+++ Exercise input +++
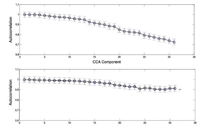 圖4. 青年( H1 ) "上"和老年( H2 ) "下"組31個(gè)估計(jì)源的CCA相關(guān)系數(shù)
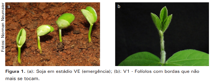 Os estádios vegetativos (V) descrevem e caracterizam o desenvolvimento vegetativo. O primeiro deles é o VE (emergência) e acontece quando os cotilédones estão acima da superfície do solo em um ângulo ≥90° em relação ao hipocótilo (Figura 1A). O segundo estádio vegetativo é o VC, que acontece quando os cotilédones se encontram completamente abertos e expandidos, ou seja, quando as bordas das folhas unifolioladas não mais se tocam.
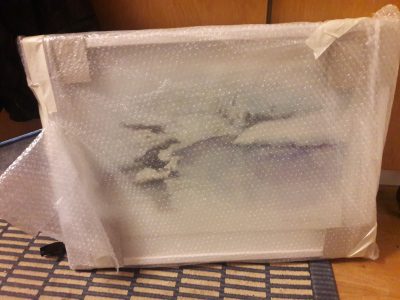Talvinen koskikaramaalaus lähti tänään työkaverini kyydissä synttäriyllätykseksi. Toivottavasti lahjan saaja on jäisten vesien ja koskikarojen ystävä.
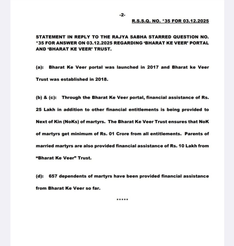 सरकार ने बताया कि ‘भारत के वीर’ पोर्टल के माध्यम से शहीदों के आश्रितों को 25 लाख रुपये की वित्तीय सहायता प्रदान की जाती है। इसके अलावा अन्य सरकारी अधिकारिक लाभ भी अलग से दिए जाते हैं। ट्रस्ट यह सुनिश्चित करता है कि शहीद के आश्रितों को कुल मिलाकर कम से कम 1 करोड़ रुपये की सहायता विभिन्न स्रोतों से मिल सके।
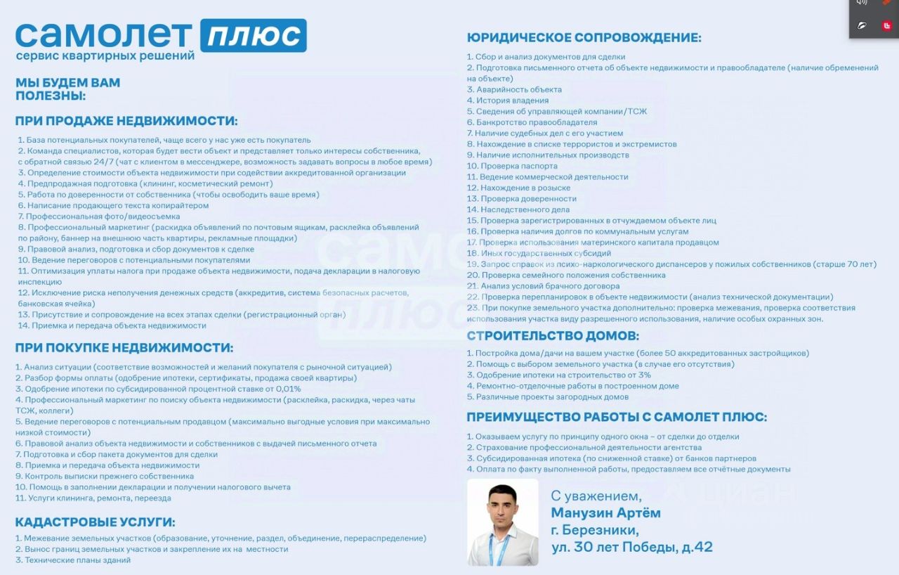 Один взрослый собственник, возможность быстрого выхода на сделку.
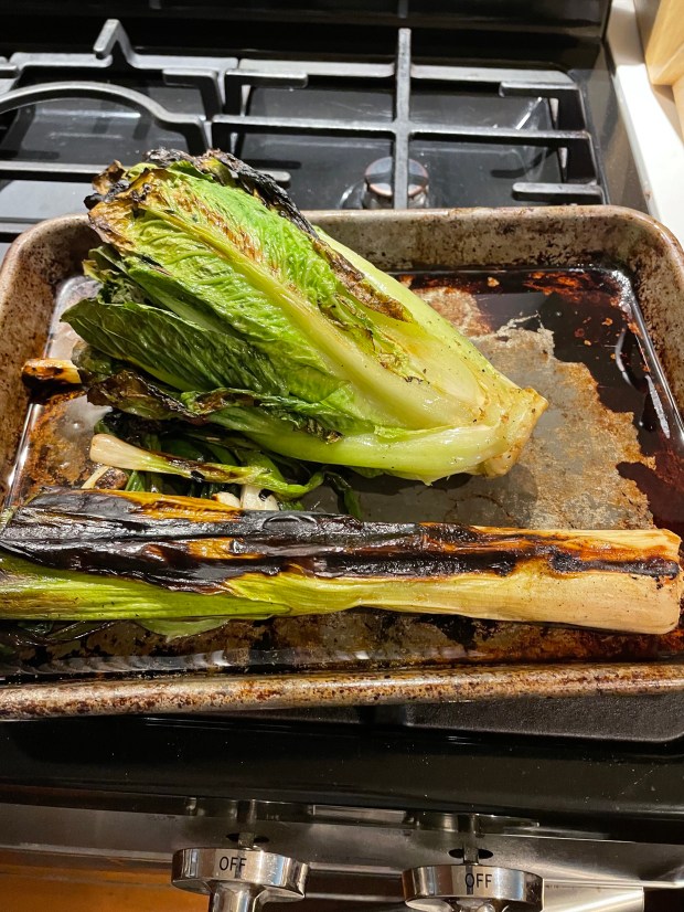 Salt and pepper and then place on your preheated – 400 degrees Farenheit – BBQ and roast the green onions for two minutes, the lettuce for about eight minutes, making sure to turn it over frequently so that all sides are roasted. Then set aside.
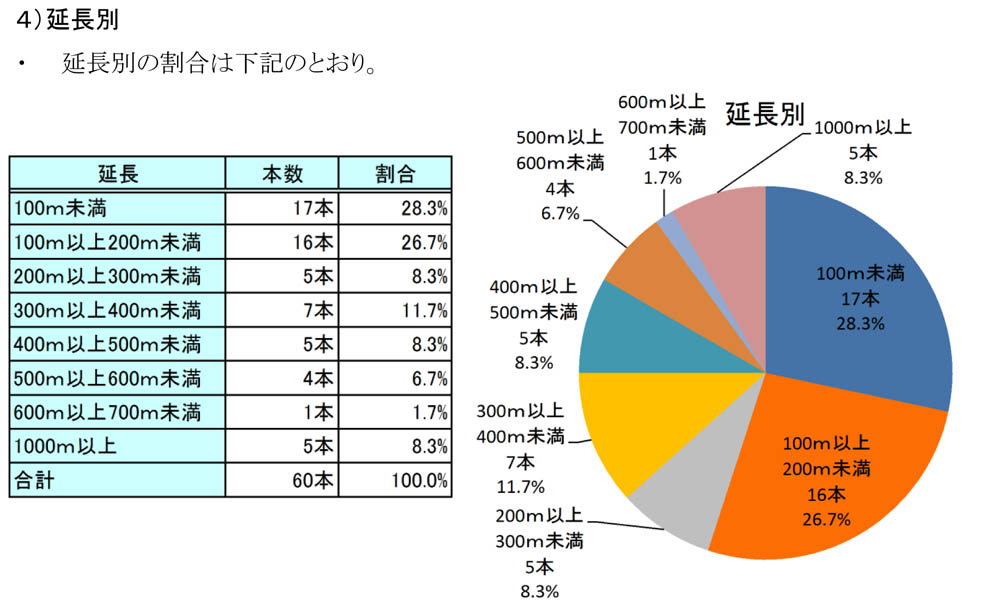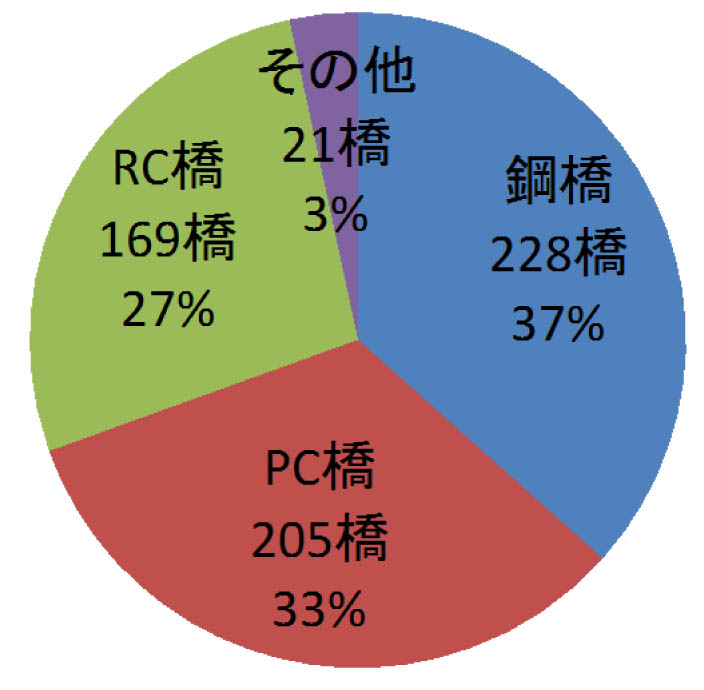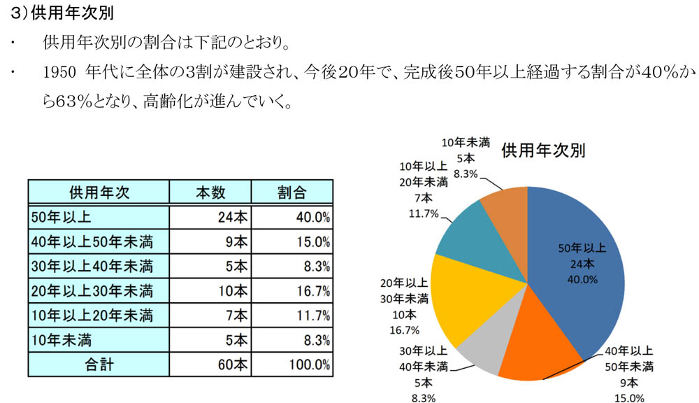 橋長別では50㍍超が9%、うち100㍍超の長大橋が全体の4%となっています。路線別では一般国道で約800橋、主要地方道で約1,300橋、一般県道で約2,300橋となっています。面白いのは各路線ごとの道路延長の比率と一致した数字になっている点でしょうか。ほぼ1㌔に1か所橋梁がある状況です。路線の規格によって橋梁の密度が変わっているということはほぼありません。
+++
> What to do
Please copy out from the data above, without any picture, exactly the lines running from the one that holds "Os estádios vegetativos" through the one that holds "Один взрослый собственник, возможность", and nothing beyond them.

> Task response
 Os estádios vegetativos (V) descrevem e caracterizam o desenvolvimento vegetativo. O primeiro deles é o VE (emergência) e acontece quando os cotilédones estão acima da superfície do solo em um ângulo ≥90° em relação ao hipocótilo (Figura 1A). O segundo estádio vegetativo é o VC, que acontece quando os cotilédones se encontram completamente abertos e expandidos, ou seja, quando as bordas das folhas unifolioladas não mais se tocam.
Talvinen koskikaramaalaus lähti tänään työkaverini kyydissä synttäriyllätykseksi. Toivottavasti lahjan saaja on jäisten vesien ja koskikarojen ystävä.
 सरकार ने बताया कि ‘भारत के वीर’ पोर्टल के माध्यम से शहीदों के आश्रितों को 25 लाख रुपये की वित्तीय सहायता प्रदान की जाती है। इसके अलावा अन्य सरकारी अधिकारिक लाभ भी अलग से दिए जाते हैं। ट्रस्ट यह सुनिश्चित करता है कि शहीद के आश्रितों को कुल मिलाकर कम से कम 1 करोड़ रुपये की सहायता विभिन्न स्रोतों से मिल सके।
 Один взрослый собственник, возможность быстрого выхода на сделку.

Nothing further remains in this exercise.